## Импорт библиотек

In [1]:
import pandas as pd
import numpy as np
import scipy.sparse as sparse
from scipy.sparse.linalg import spsolve
from dateutil import parser
import matplotlib.pyplot as plt
import seaborn as sns
from tqdm import tqdm
from sklearn.metrics import accuracy_score
import math

import torch
import torch.nn as nn
from torch.utils.data import DataLoader
import torch.nn.functional as F

from sklearn import preprocessing

## Загрузка датасета

In [2]:
gardening_val = pd.read_csv('gardening_test.csv')
gardening_train = pd.read_csv('gardening_train.csv')

## Функции для работы с датасетом

In [3]:
def convert_dataset(_train_dataset, _val_dataset, val_data_target, key):
    train_dataset, val_dataset = {}, {}
    
    for receipt_id, item_id in zip(_train_dataset['receipt_id'], _train_dataset[key]):
        if receipt_id not in train_dataset:
            train_dataset[receipt_id] = []

        train_dataset[receipt_id].append(int(item_id))

    for receipt_id, item_id in zip(_val_dataset['receipt_id'], _val_dataset[key]):
        if receipt_id not in val_dataset:
            val_dataset[receipt_id] = []

        val_dataset[receipt_id].append(int(item_id))

    # for receipt_id in val_dataset:
    #     val_dataset[receipt_id].append(int(val_data_target[val_data_target['receipt_id'] == receipt_id][key].tolist()[0]))
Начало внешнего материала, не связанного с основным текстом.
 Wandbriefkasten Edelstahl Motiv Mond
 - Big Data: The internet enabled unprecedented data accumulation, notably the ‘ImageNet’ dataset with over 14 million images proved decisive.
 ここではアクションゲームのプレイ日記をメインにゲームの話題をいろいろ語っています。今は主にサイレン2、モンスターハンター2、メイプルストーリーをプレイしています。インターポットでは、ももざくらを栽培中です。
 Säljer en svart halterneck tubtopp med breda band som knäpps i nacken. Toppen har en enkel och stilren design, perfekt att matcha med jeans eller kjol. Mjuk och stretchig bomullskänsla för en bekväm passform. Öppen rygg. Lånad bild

    val_keys = val_dataset.keys()
    train_dataset, val_dataset = list(train_dataset.values()), list(val_dataset.values())

    for i in range(len(train_dataset)):
        train_dataset[i] = train_dataset[i][-6:]
        
        for _ in range(6 - len(train_dataset[i])):
            train_dataset[i].insert(0, -1)
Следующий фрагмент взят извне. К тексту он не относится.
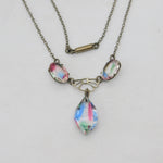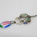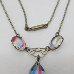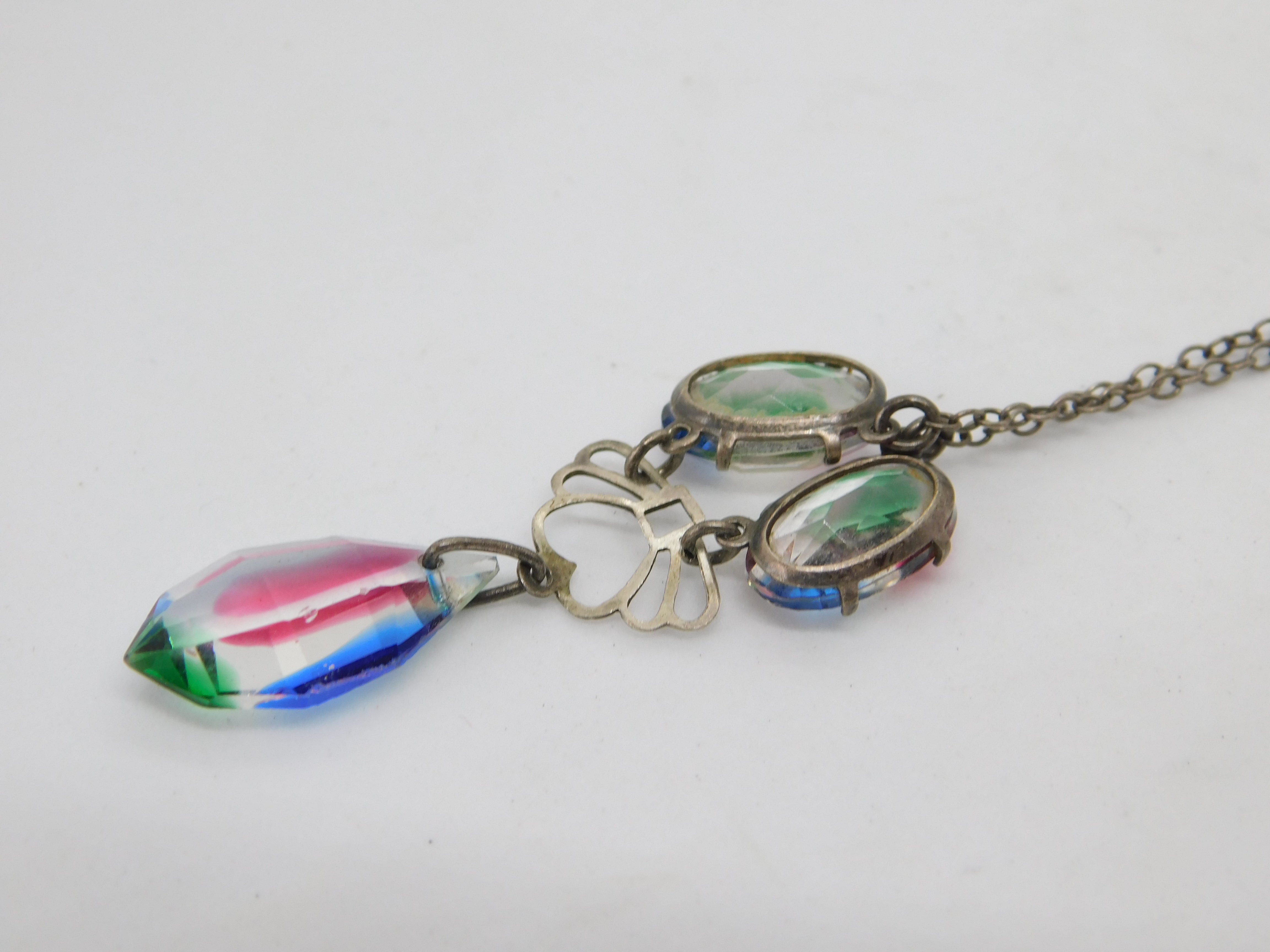 Art Deco Sterling Silver Faceted Iris Glass Floral Drop Necklace c1920 Antique

        for j in range(len(train_dataset[i])):
            train_dataset[i][j] += 1

    for i in range(len(val_dataset)):
        val_dataset[i] = val_dataset[i][-6:]
        
        for _ in range(6 - len(val_dataset[i])):
            val_dataset[i].insert(0, -1)

        for j in range(len(val_dataset[i])):
            val_dataset[i][j] += 1

    return train_dataset, val_dataset, val_keys

In [4]:
le1 = preprocessing.LabelEncoder()
le2 = preprocessing.LabelEncoder()
le3 = preprocessing.LabelEncoder()

In [5]:
def create_dataset(dataset, val_data, val_data_target):
    unique_train_item_ids = dataset['item_id'].unique()
    unique_train_good = dataset['good'].unique()
    unique_train_brand = dataset['brand'].unique()
    
    le1.fit(dataset['item_id'])
    dataset['item_id'] = le1.transform(dataset['item_id'])

    le2.fit(dataset['good'])
    dataset['good'] = le2.transform(dataset['good'])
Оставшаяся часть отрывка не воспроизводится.